O Brasil como lar de refugiados

Eleine Bélaváry

A primeira história sobre refugiados que tenho orgulho de contar aqui é muito pessoal: a vinda de meus sogros húngaros para o Brasil. Em 1956, Julianna Balogh, 19 anos, loira de olhos verdes, e Johann Viktor Bélaváry Hanko, um rapaz de 30 com olhos profundamente azuis e aspecto de galã, saíram de Budapest até o campo de refugiados na cidade austríaca de Viena e embarcaram num navio rumo ao Chile.
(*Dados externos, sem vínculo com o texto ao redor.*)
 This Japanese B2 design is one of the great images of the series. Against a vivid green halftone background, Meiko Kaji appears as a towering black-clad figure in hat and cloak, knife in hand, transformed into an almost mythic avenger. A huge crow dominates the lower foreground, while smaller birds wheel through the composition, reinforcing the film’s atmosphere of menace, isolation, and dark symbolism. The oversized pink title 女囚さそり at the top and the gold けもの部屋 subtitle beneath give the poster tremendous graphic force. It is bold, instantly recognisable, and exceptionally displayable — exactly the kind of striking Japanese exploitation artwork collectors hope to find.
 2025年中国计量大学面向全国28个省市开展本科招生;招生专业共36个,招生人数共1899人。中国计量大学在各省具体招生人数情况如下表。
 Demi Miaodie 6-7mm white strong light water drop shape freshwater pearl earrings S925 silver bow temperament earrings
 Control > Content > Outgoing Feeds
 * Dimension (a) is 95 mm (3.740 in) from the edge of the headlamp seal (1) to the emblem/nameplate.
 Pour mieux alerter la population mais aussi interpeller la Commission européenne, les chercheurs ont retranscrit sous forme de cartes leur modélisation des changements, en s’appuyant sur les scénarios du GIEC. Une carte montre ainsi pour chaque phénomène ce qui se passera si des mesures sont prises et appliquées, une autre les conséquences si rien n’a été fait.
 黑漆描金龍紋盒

Viktor, juntamente com seu irmão Miklós, teve que deixar seu país em função da Revolução Húngara, um levante popular contra as políticas impostas pelo governo da República Popular da Hungria e pela União Soviética que gerou mais de 150 mil refugiados. Julianna apenas buscava um país que oferecesse melhores perspectivas de vida.  Apaixonaram-se durante a viagem e, quando souberam que havia padres húngaros acolhendo seus compatriotas no Porto de Santos, decidiram desembarcar no Brasil. Como não puderam voltar ao navio para pegar seus documentos e bagagens, entraram no país somente com a roupa do corpo para construírem uma nova vida na cidade de São Paulo. Casaram-se e adaptaram-se à cultura e à língua, mantiveram presença constante na comunidade húngara, preservando todas as tradições de família, como receitas culinárias, festividades e canções húngaras de Natal. Tiveram 3 filhos, 2 sobrinhos e 4 netos, vivendo muito bem e felizes em nosso país.
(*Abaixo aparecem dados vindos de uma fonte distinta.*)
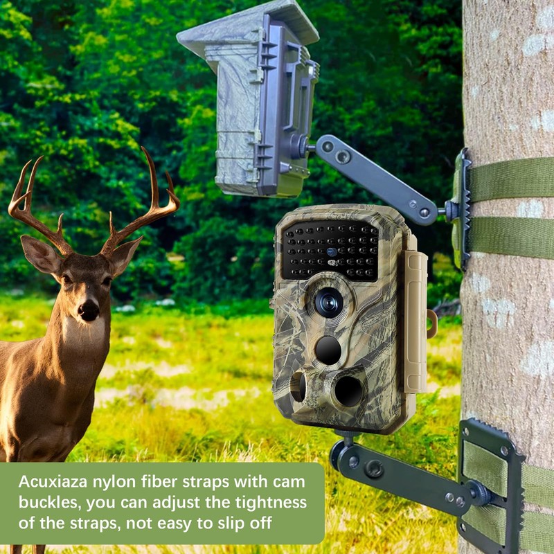 - 3. Easy To Use: Acuxiaza nylon fiber straps with cam buckles, you can adjust the tightness of the straps, after tightening the nylon straps will not move until the cam buckles are loosened, you can easily tie the hunting camera to the tree
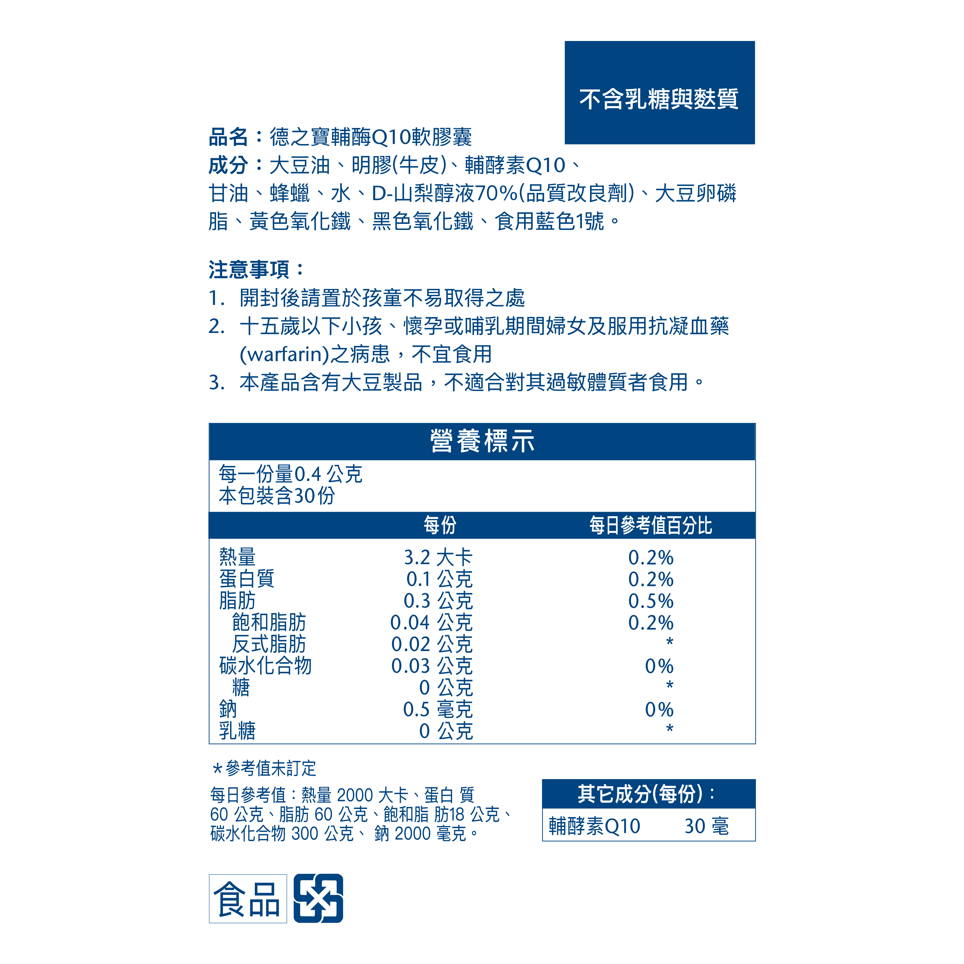 ◆ 輔酶Q10每粒含有30毫克

Historicamente, a hospitalidade e a diversidade da formação cultural do Brasil atraem muitos imigrantes. Convivemos harmonicamente com diversos povos de diferentes origens e, por ser um país mais aberto e multicultural, mesmo quando um refugiado vem de um grupo social diferente, sua integração em geral ocorre muito facilmente. Em geral, nosso povo tem uma atitude mais de acolhimento do que de hostilidade e, por isso, somos considerados “exemplares” no tratamento aos refugiados.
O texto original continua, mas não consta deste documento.